Я свернула на Пионерскую к зданию редакции, расположенной на втором этаже старого дома с портиком и колоннами, построенного еще до войны. На первом этаже обосновались библиотека и магазинчик компьютерных принадлежностей, а второй этаж целиком и полностью отведен под нужды городской газеты. Как выяснилось, гнала я не зря и прибыла как раз вовремя – все наши еще были в кабинете начальства, ибо в здании стояла благостная тишина, хотя обычно стоит невообразимый шум. Рабочая, так сказать, обстановка. Взбежав на второй этаж, я вихрем пролетела по коридору и, сбавив ход, степенно вошла в кабинет главного редактора, присев на стульчик у двери и сделав вид, что сижу здесь давным давно. В кабинете, как всегда в конце планерки, царило оживление. Закончив обсуждение статей в только что вышедшем номере, коллеги разбирали задания на следующую неделю, толпясь у стола главного редактора. Но, как я ни старалась пробраться в кабинет как можно тише, мое появление все же не прошло незамеченным. Людмила Викторовна выглянула из толпы подчиненных, ознаменовала мой приход холодной улыбкой и на вялое приветствие ответила со сдержанным оптимизмом:

– Вот Женя Колесникова про узбеков и напишет.
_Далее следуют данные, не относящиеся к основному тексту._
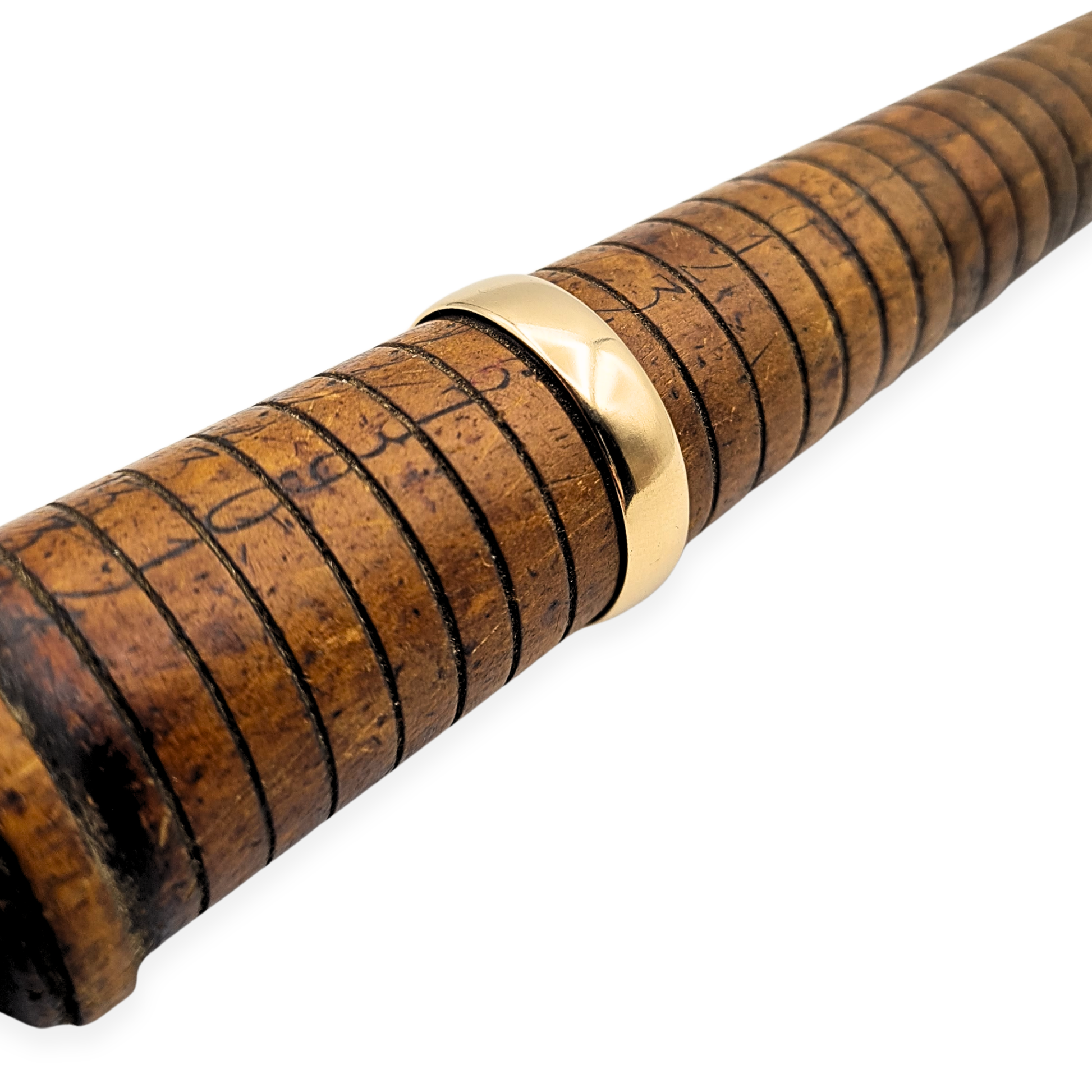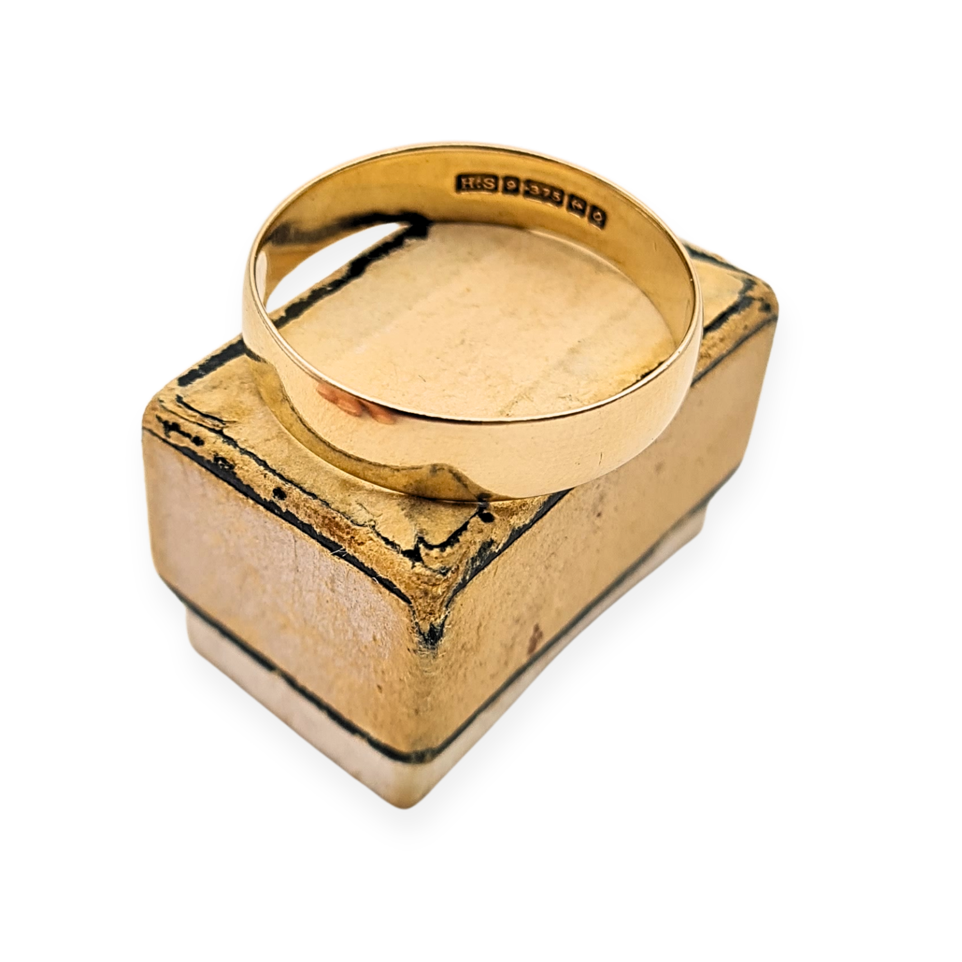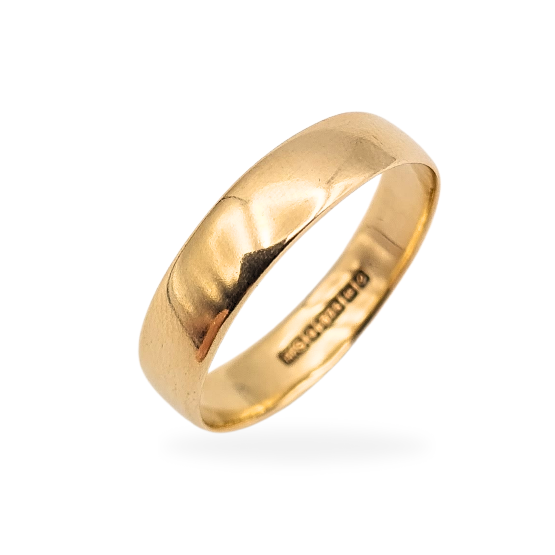 Hallmarked in Birmingham in 1988 and weighing 2.8g, this 9ct gold wedding band features a classic wide profile with a softly domed exterior. Measuring approximately 5mm across, it has a solid, comfortable feel on the hand and a traditional finish that suits everyday wear. A well-proportioned vintage band in a larger size, ideal as a wedding ring or a straightforward gold band worn alone- Only one available.
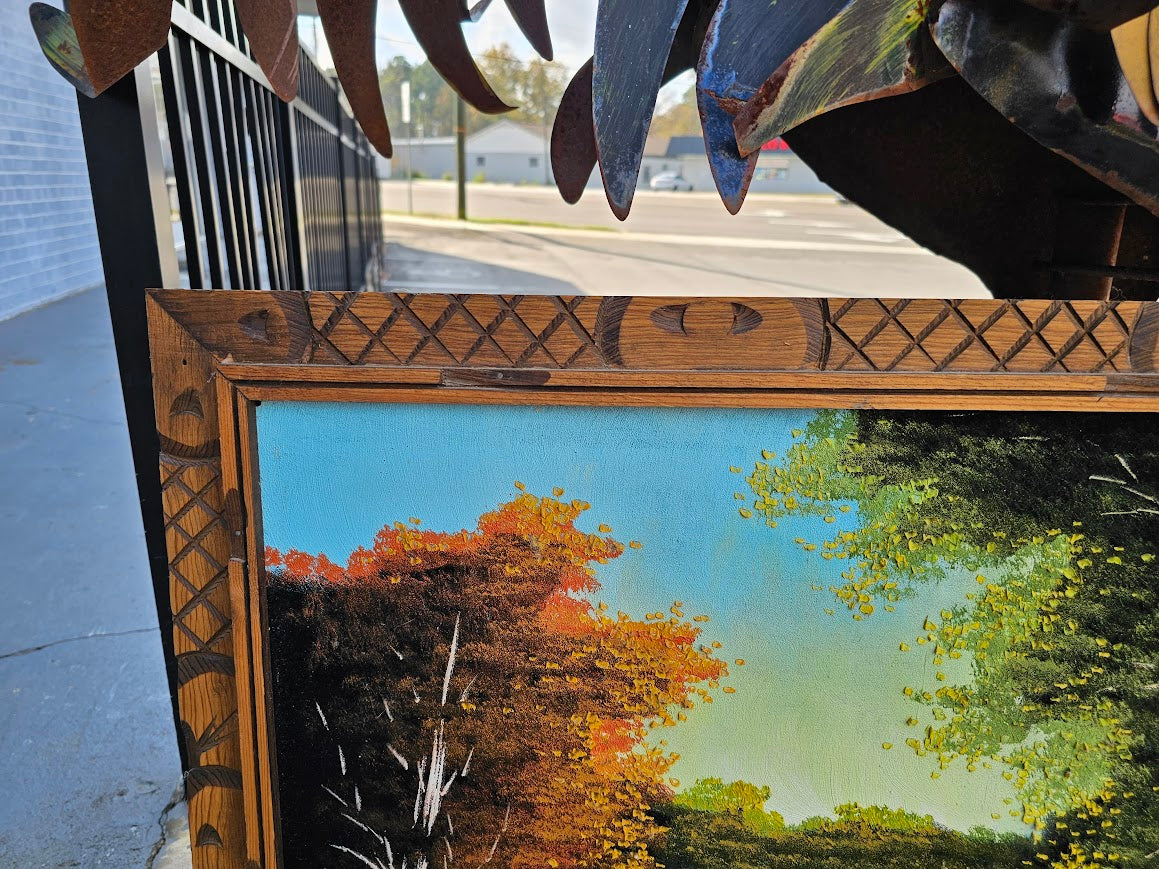 The artwork is framed in a vintage wood frame that shows authentic wear, adding to its character and charm. At an impressive 47" × 28", it stands out beautifully as a statement wall piece for homes, studios, or collectors of traditional Asian art.

– Что я должна про них написать? – насторожилась я.

– Про драку с поножовщиной на остановке, – пояснила главный редактор. И почти ласково добавила: – Тебе, Женечка, проще всего сделать этот материал, каждый день с начальником городского управления полиции нос к носу сталкиваешься. Вот и расспроси у Андрея Сергеевича про инцидент.

Что правда то правда, сталкиваюсь. Ибо живу с полковником Шаховским в частном доме среди елей и сосен, вижусь за завтраком и слушаю, как за дело и без дела Андрея отчитывает моя мать. Марьяна приходится полковнику женой, а я, соответственно, приемной дочерью.

– Конечно, сделаю, – покладисто согласилась я и, радуясь, что так легко отделалась от задания на предстоящую неделю, уже поднялась со стула, чтобы выйти из кабинета начальницы, но Людмила остановила меня властным жестом.

– Это не все, Колесникова, – проговорила она. – Задержись на пару минут.

Я опустилась на стул и принялась терпеливо дожидаться, когда редактор переговорит с другими сотрудниками газеты и обратит на меня благосклонный взгляд. И вот, наконец, кабинет опустел, и руководитель взглянула в мою сторону.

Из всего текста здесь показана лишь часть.